Last updated: March 15, 2026

Our commitments
Protection. Transparency. Vigilance.
Encryption

TLS 1.3 in transit, AES-256 at rest. Your files are never accessible in plain text on our servers.

Infrastructure

Secure servers with automatic backups, geographic redundancy and continuous monitoring.

24/7 Monitoring

Every suspicious activity triggers an alert and an immediate investigation by our team.

Chariow is committed to protecting its users' data through rigorous technical and organizational measures. All communications between your browser and our servers are encrypted. Digital files hosted on our platform are stored encrypted at rest on a secure cloud infrastructure with strict access controls.

In the event of a security incident, we immediately activate our response protocol: threat isolation, in-depth investigation, notification of affected users as quickly as possible and deployment of corrective measures. Transparency guides each of our actions.

Responsible policy
Collaborating for a safer platform
Objet

At Chariow, our mission is to enable content creators to easily sell their digital products. The trust of our users is at the heart of this mission. We have put in place a responsible disclosure program to collaborate with security researchers and help us identify potential vulnerabilities in our services.

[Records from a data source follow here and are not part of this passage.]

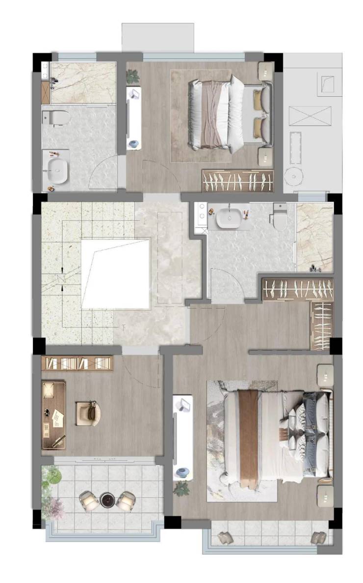 二楼双套房设计,完全可以满足三代同堂+二胎家庭的双重需求。
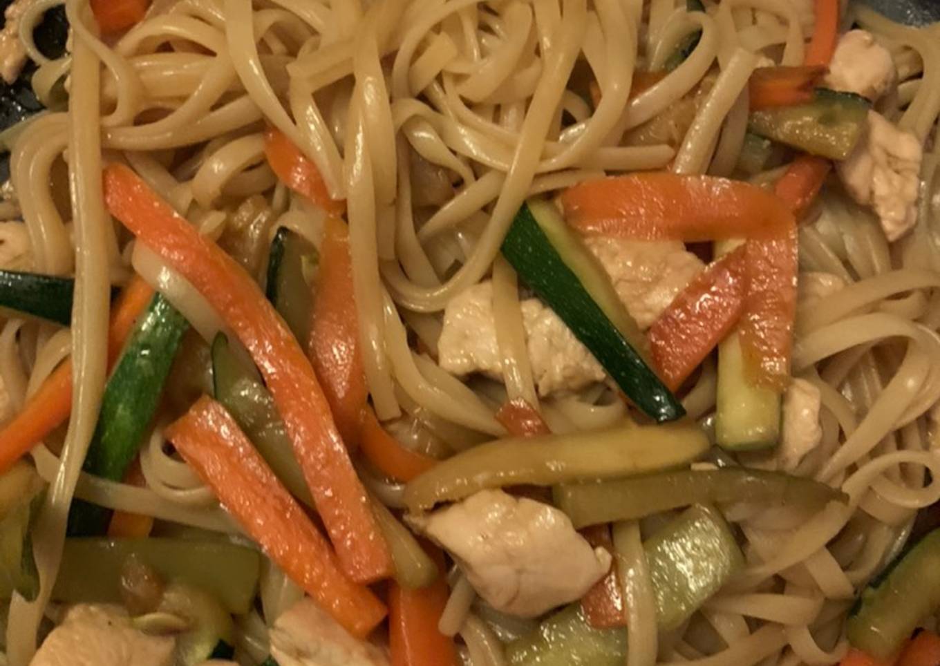 Tallarines con verduras y pollo con salsa de soja, estilo chino. Para dos personas
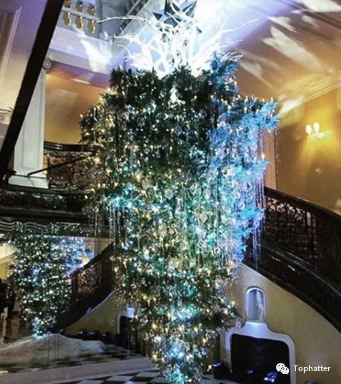 时髦的倒挂圣诞树近年来引起了人们的关注,伦敦Claridge酒店也采用了流光溢彩的倒挂圣诞树进行装饰,现在,美国各州也越来越多人开始关注的这种节日装饰。
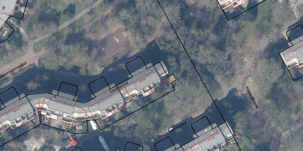 Leerdamhof 345 is gelegen op kadastraal perceel WPK02L3840. Deze kadastrale aanduiding is uniek en wordt gebruikt door het Kadaster om eigendomsrechten en andere zakelijke rechten vast te leggen. Het perceel maakt onderdeel uit van de kadastrale gemeente Weesperkarspel.
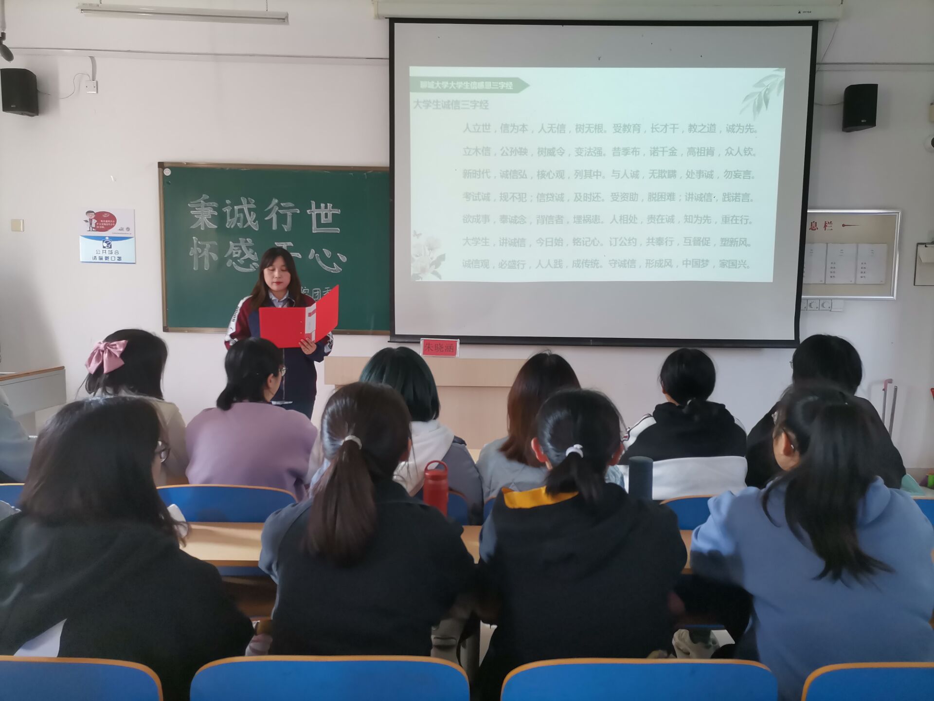 為貫徹落實(shí)習(xí)近平新時(shí)代中國(guó)特色社會(huì)主義思想,加強(qiáng)大學(xué)生感恩誠(chéng)信教育,引導(dǎo)同學(xué)們樹(shù)立知恩圖報(bào)、言行一致的正確價(jià)值觀,11月21日,偉德betvlctor體育官網(wǎng)于東校區(qū)6#A201舉辦"秉誠(chéng)行世,懷感于心"活動(dòng),偉德betvlctor體育官網(wǎng)輔導(dǎo)員朱曉涵擔(dān)任領(lǐng)讀員。
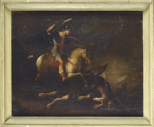 Scuola Italia settentrionale XVI sec. San Giorgio uccide il drago Olio su tela, cm. 44x55
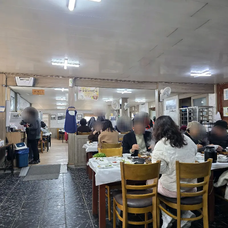 식당 안으로 들어서자, 넓고 깔끔한 홀이 펼쳐졌다. 테이블 간 간격도 넉넉해서 편안하게 식사를 즐길 수 있는 분위기였다. 이미 테이블 위에는 다양한 반찬들이 가지런히 놓여 있었다. 마치 잘 차려진 한정식 상차림을 보는 듯했다.
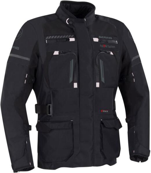 Fibretech 600D és softshell külsőrész. 100%-ig vízálló és lélegző. Kicipzározható Shelltech thermobélés. Állítható magasságú OMEGA CE könyökprotektor. OMEGA CE vállprotektor. Pulse Air: Cipzárral állítható szellőzők. Hálós, nyári bélés. Gerincprotektor zseb. Nadrággal összecipzározható. Fényvisszaverő csíkok. Több külső és belső zseb.
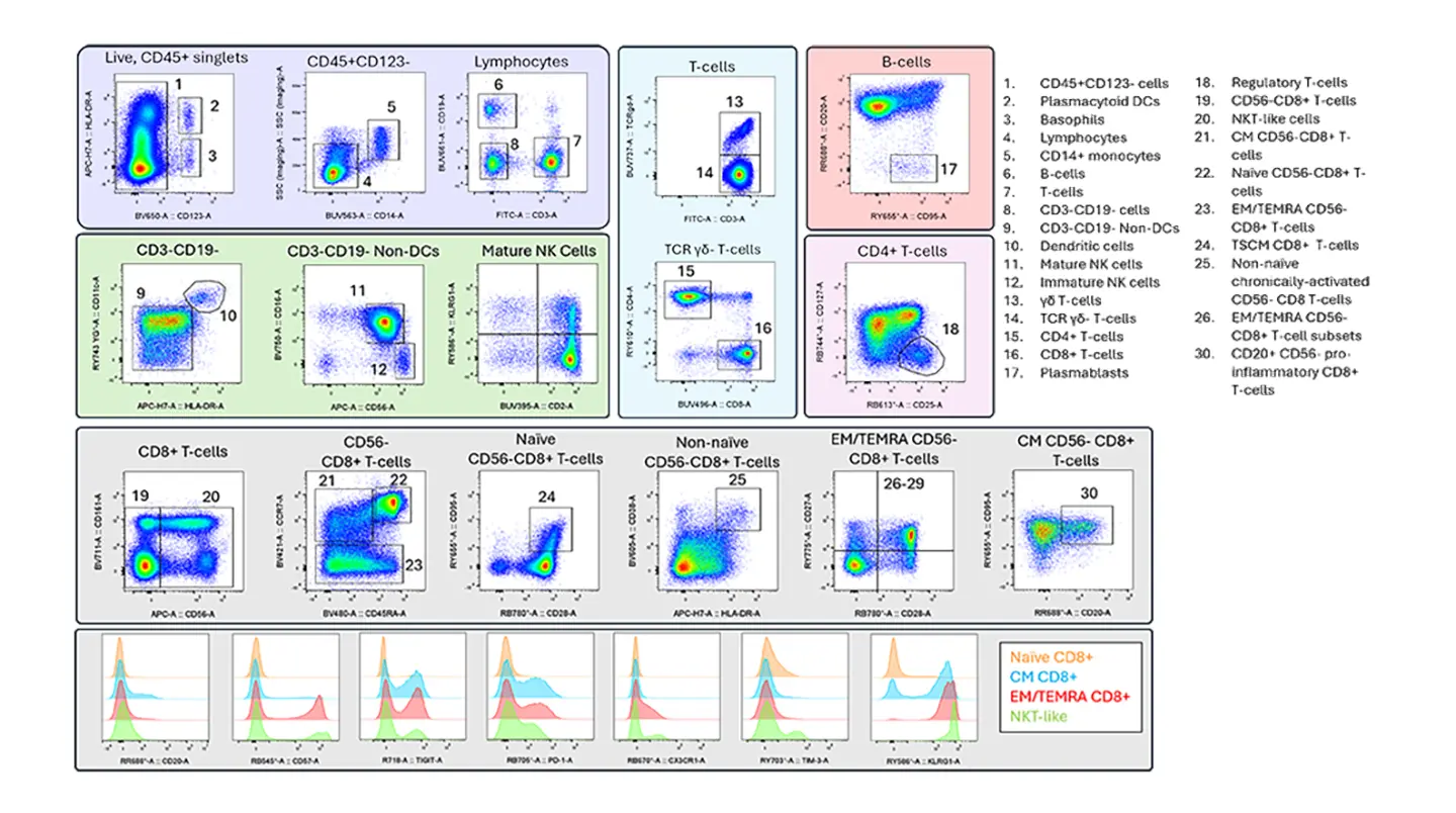 Fluorochrome marker assignment for a 30-color spectral flow cytometry panel

If you discover a vulnerability affecting multiple services, we encourage you to ensure separate support for each program concerned. This allows each service to handle the issue independently.

Systems scope

This policy covers information domains, applications and websites accessible via the Internet intended, operated or controlled by Chariow, including all associated subdomains. When a third-party Bug Bounty program applies, third-party systems are outside the scope of responsible delegation.

Bug Bounty rules, at Chariow's discretion:
  • General security best practices on SSL/TLS configurations are generally out of scope
  • Expected behaviors in terms of password complexity
  • Rate limiting issues unrelated to unprotected access points
  • Social injection, cookieless phishing resources
  • Account takeovers, including brute force attacks on low-risk resources
  • Clickjacking on non-login form pages
  • Hijacking of potentially available or expired domains
  • Open source intelligence (OSINT) data
  • Any vulnerability whose evidence requires a conciliatory agreement within a 30-day window

You are not required to be able to exploit bugs you discover outside the scope of this policy, but we encourage providing proof of concept.

Vulnerability scope

This policy covers technical vulnerabilities targeting our Systems including (but not limited to): SQL injections, XSS (Cross-Site Scripting), privilege escalation, CSRF (Cross-Site Request Forgery), IDOR (Insecure Direct Object Reference), insecure deserialization.

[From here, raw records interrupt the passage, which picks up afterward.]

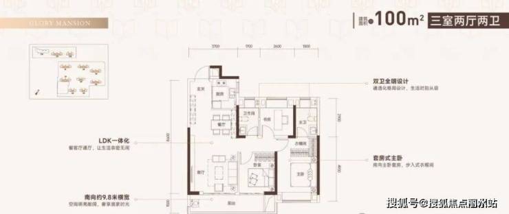 建面约100平三室两厅两卫:此户型位于5号楼中间两户,户型方正,动静分区;三开间朝南,9.8米的超长南向横宽,采光非常好;客厅阳台连通次卧阳台,4个飘窗全赠送,优化面积非常多。刚改入门级产品,预计门槛比较亲民!
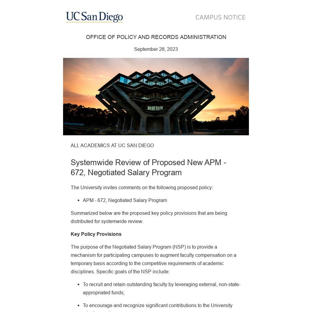The draft policy is posted here. If you have any questions or if you wish to comment, please contact Paula Johnson in Policy and Records Administration at policy@ucsd.edu no later than December 8, 2023.
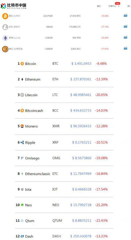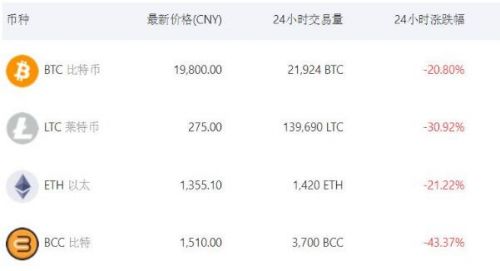 随后,该平台上的交易者疯狂抛售数字货币资产,致使数字货币人民币交易价狂泻。比特币一度大跌32%,莱特币一度大跌57.3%,比特币现金一度暴跌72.32%。
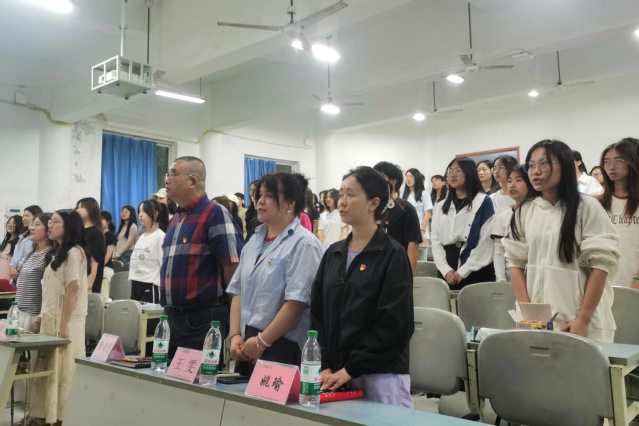 为进一步加强党组织建设,提升学院预备党员和入党积极分子的党性修养、理想信念、政治觉悟,5月12日晚6点30分,传媒学院于格致楼03教室举行了第二十七期党校培训开班仪式。传媒学院党委书记谢诗茂,广播电视学学生党支部书记王雯、副书记姚瑜,网络与新媒体学生党支部书记谭喻,播音与主持艺术学生党支部书记甘元琴参与本次活动。传媒学院全体入党积极分子和预备党员参加此次培训。仪式由2023级播音与主持艺术学生党支部预备党员姚思颖同志主持。
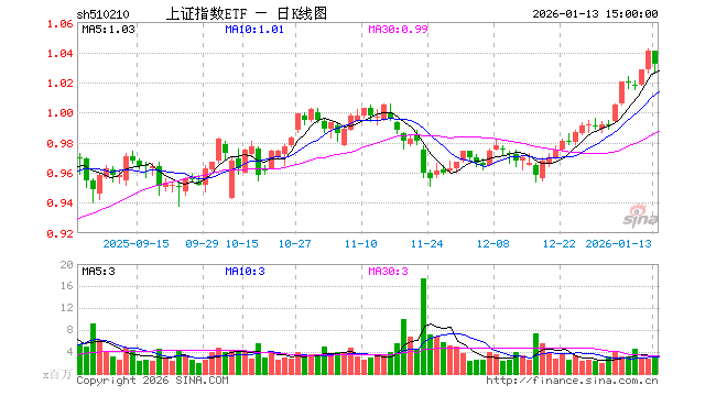 1月13日上证指数ETF(510210)份额增加6300.00万份,最新份额54.50亿份,最新规模56.19亿元

Excluded from this policy, at Chariow's discretion:
  • General security best practices on SSL/TLS configurations are generally out of scope
  • Expected behaviors in terms of password complexity
  • Rate limiting issues on unprotected access points
  • Social injection, cookieless phishing resources
  • Account takeovers, including brute force attacks on low-risk resources
  • Clickjacking on non-login form pages
  • Hijacking of potentially available or expired domains
  • Open source intelligence (OSINT) data
  • Any vulnerability whose evidence requires a conciliatory agreement within 30 days
How to submit a report

If you discover a security vulnerability in a Chariow system, report it promptly to [email protected]. Include a detailed summary and any supporting evidence (logs, code, proof of concept) to help us understand, validate, reproduce and respond quickly.

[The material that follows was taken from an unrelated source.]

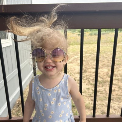[This review was collected as part of a promotion.] My two year old is obsessed with sunglasses and is always messing with my sunglasses. I bought her this pair so that she can have her very own. They are smaller than adult sunglasses but still a little large for a toddler. They seem true to size for an 8-10 year old child. These do stay on my toddler’s head better than my adult sunglasses do but she will still need to grow into them. The flower design is SO cute and these are so stylish for any young girl. I received an incentive to write this review.
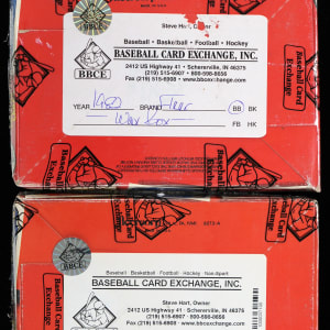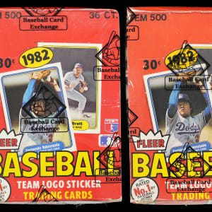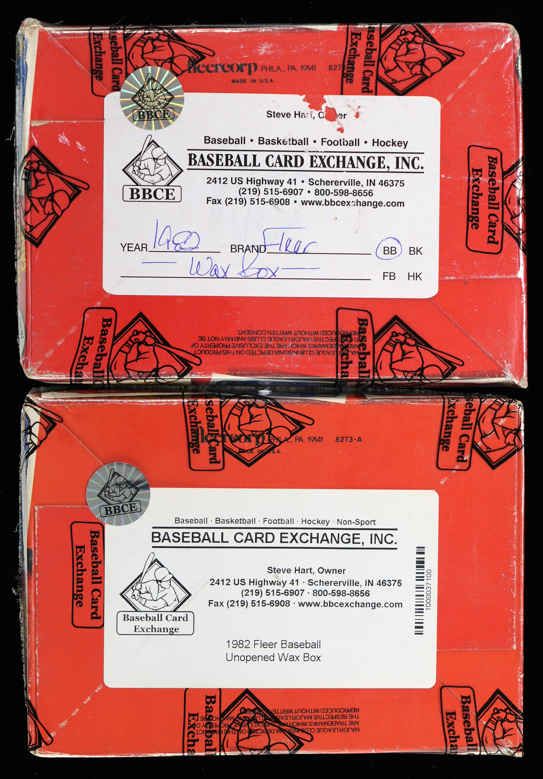 Unsearched pair of 1982 Fleer unopened wax boxes. These 36/15-card packs (plus sticker per) could deliver high-grade Cal Ripken Jr. rookies! Each box comes shrink-wrapped by Baseball Card Exchange (owned by Steve Hart, the foremost expert on unopened material). The size/weight of this item requires that there will be an additional shipping charge for this lot.

At minimum, your report should contain the following information:

  • The type and severity of the vulnerability.
  • Technical details associated with the vulnerability.
  • A summary of the vulnerability.
  • Steps to reproduce the vulnerability.
  • The URL or location of the vulnerability.
  • Proof of concept scripts, screenshots or recordings.
  • If applicable, potential impacts on the Information System.
  • Any recommended corrective action.

We ask that each report be written clearly, contain only one vulnerability per submission and mention any intention of public disclosure. The more detailed and clear your report, the better we will be able to investigate and respond effectively.

Research guidelines

While we reserve the right to determine whether you are acting in good faith in accordance with this policy, we will generally presume your good faith if you follow these rules:

  • You test Information Systems solely for the purpose of identifying a potential vulnerability and reporting it.
  • You avoid causing any damage to Information Systems, including any destruction, use or acquisition of data, any disruption to systems or user experience, and any violation of the privacy of our clients or employees.
  • You do not exploit a vulnerability beyond the minimum necessary to reasonably demonstrate its existence.
  • You do not access, acquire or use the content of communications, data or information transmitted or stored on Information Systems, except inadvertently.
  • You do not retain any collected data. In the event of inadvertent access to data, you report it in your submission.
  • You do not disclose the existence or details of a vulnerability to a third party or the public before receiving our prior written consent.
  • You do not compromise any account that does not belong to you.
  • You do not conduct any social engineering attacks (phishing, vishing, etc.) against Chariow employees, contractors or representatives.
  • You do not demand payment or compensation as a condition of disclosure, and you do not threaten to disclose the vulnerability irresponsibly.
  • You permanently comply with all applicable laws and regulations in the context of your research activities.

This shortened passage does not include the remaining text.